Editorial: Convergence and Divergence of Trajectories of Changes. The End of the Case Paradigm in the Automotive Industry?

Type de publication:

Journal Article

Source:

International Journal of Automotive Technology and Management, Volume 25, Number 2 (2025)

Résumé:

The 2024 Gerpisa International Colloquium in Bordeaux focused on the so-called connected autonomous share electric (CASE) paradigm. Before the COVID-19 pandemic, the global automotive industry seemed on the verge of converging toward the CASE paradigm promoted by GAFAM, Silicon Valley and digital companies: four disruptive technological changes joining forces to radically transform the automotive sector.
The hegemony of OEMs over products, markets, value and technology appeared to be in danger. It was contested by digital companies entering the automotive sector and taking control of:

  • the data generated by connected vehicles and connected machines and factories (Google and Amazon)
  • the software and technologies required to drive autonomous vehicles (Waymo, Uber, Tesla, and Apple)
  • the platforms promoting and orchestrating shared mobility (Uber, Lyft, and Didi)
  • the development of the electric vehicles (EVs) conceived as a new type of vehicle that would bring together all these technological changes (Tesla and Apple).

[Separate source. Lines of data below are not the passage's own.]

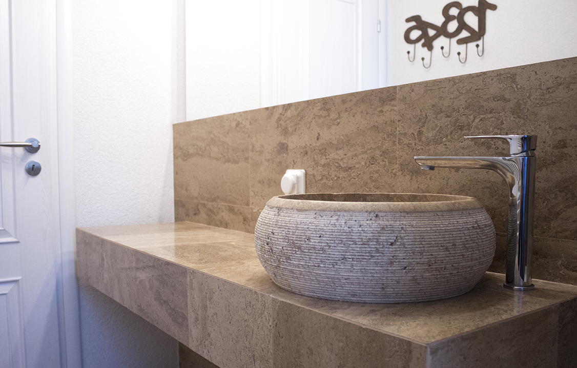 Ein Gefäß-Waschbecken mit geraden Linien ist perfekt für eine Badezimmergestaltung im traditionellen, minimalistischen oder klassischen Stil. Ein Waschbecken aus Naturstein, ergänzt durch ein geradliniges Design, verleiht jedem Badezimmer ein natürliches, authentisches Bild.
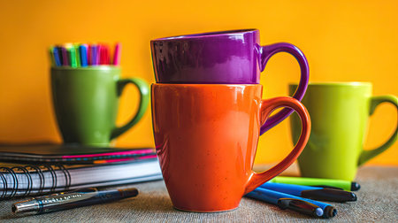 Colorful coffee mugs and pencils on a yellow background.
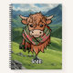 Highland Cow with Scott Red Tartan Scarf Notebook
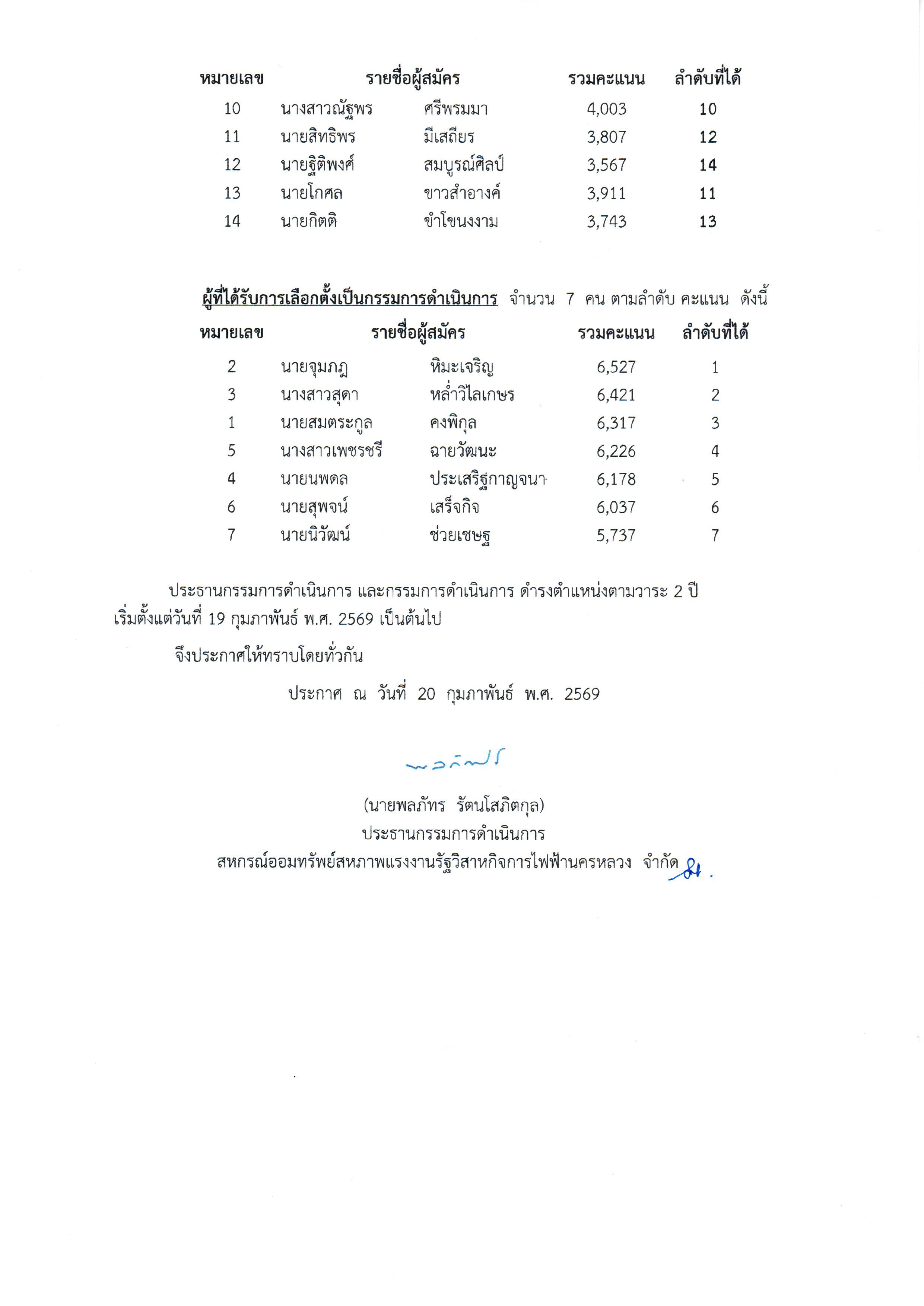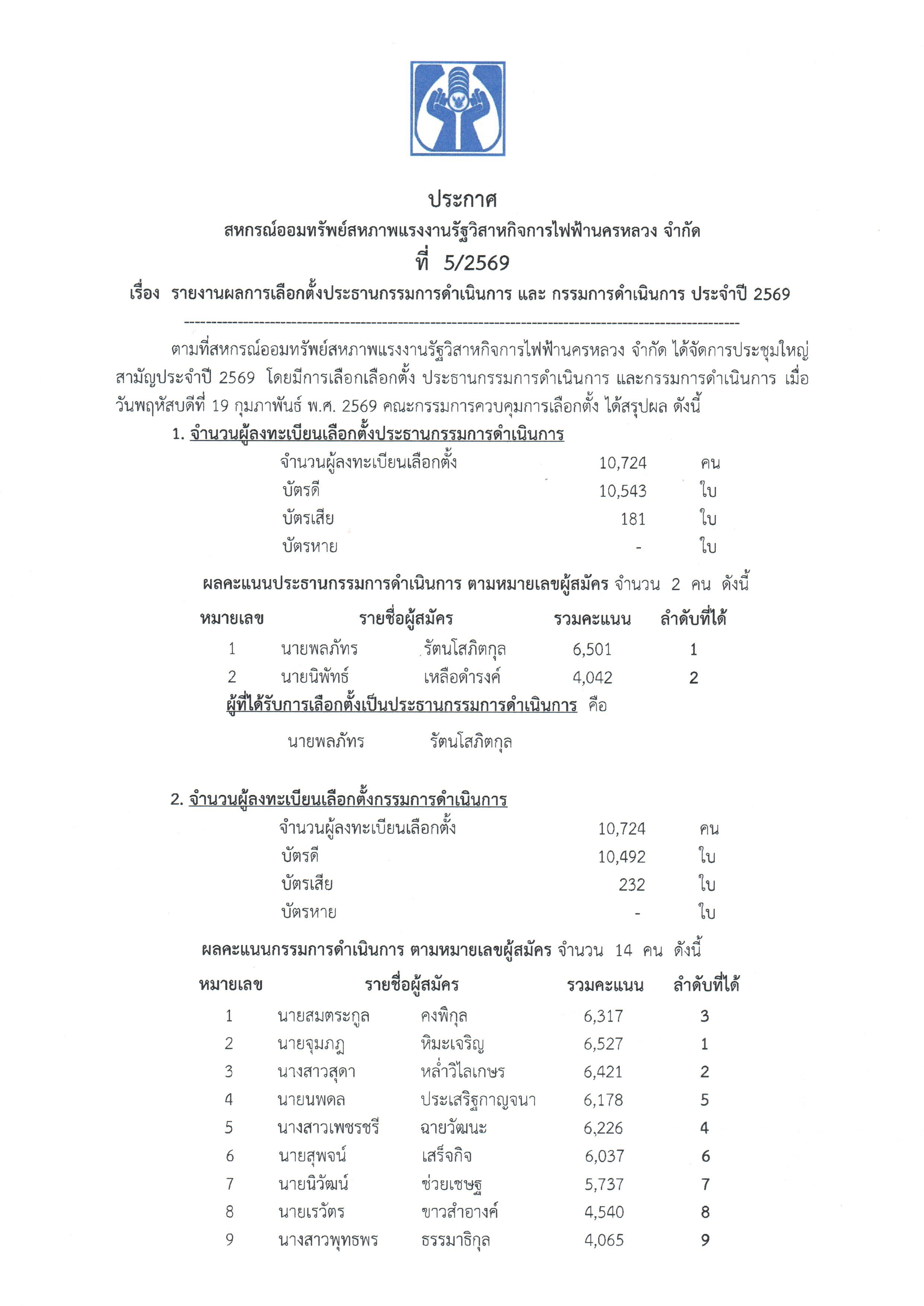 • ประกาศที่ 5/2569 เรื่อง รายงานผลการเลือกตั้งประธานกรรมการดำเนินการ และ กรรมการดำเนินการ ประจำปี 2569

Five years later, the landscape of the global automotive industry has changed dramatically, but not along these lines.
Electrification has accelerated much more than it was expected, but it appears somehow disconnected from the other technological ‘disruptions’. Many of the EVs sold in the market are clones of the internal combustion engine vehicles (ICEVs) and no longer carry the promise of an imminent mobility revolution. The autonomous vehicle in particular has faded away, even if by different degrees depending on countries’ and companies’ trajectories. If shared mobility and connectivity remain a growing reality, they are both struggling to fulfil the technological expectations raised by their initial possibilities. They also do no longer seem disruptive for traditional automotive business, but rather complementary – people do not stop owning and driving a car because they use Uber or Blablacar.
This also seems to be the case for digitalisation more generally. While there is no doubt that digitalisation keeps spreading in both products (ADAS, software updates) and processes (digital assistance, digital twin, big data analytics, artificial intelligence), it does not seem to represent a significant source of instability to OEMs. Rather than being incorporated or substituted by digital companies, OEMs are bringing these technologies within their perimeter, either through acquisitions, in-house development, traditional OEM-supplier relations, MoUs, R&D collaborations or joint ventures. So far, it does not seem that the different degrees of digital integration and development had important consequences on the relative cost and non-cost competitiveness of automotive companies.
Does this mean that “dinosaurs will keep ruling the auto industry” (MacDuffie and Fujimoto, 2010)?
Past forecast errors invite caution, also because ‘dinosaurs’ are now threatened by another, more familiar, type of foe: new entrant OEMs making better, cheaper and different cars. If Tesla has become the global market leader of BEVs it is not only because of its digital company status – though it has certainly helped in carrying losses for a long period of time – but because it has become a mass producer of cars with higher vertical integration in the battery electric value chain, higher economies of scale and more efficient manufacturing processes than its competitors. Tesla is now in the process of being supplanted at the top of the BEV industry by Chinese New Energy Vehicles makers (BYD, Geely, NIO, XPeng, Cherry, SAIC, etc.) who follow a similar pattern of development and have turned China into the main exporter of BEVs and of light-vehicles in general.
Furthermore, the CASE paradigm is not dead. If the 2010s scenarios that announced level 4–5 autonomous cars as mainstream by the late 2020s are now a thing of the past, yet the perspective of a later breakthrough remains possible. And if this is case, then its disruptive impacts on OEMs will be only delayed.

The contributions to this special number explore these possibilities from different angles, but also provide stimulating answers to why the CASE paradigm has not materialised yet.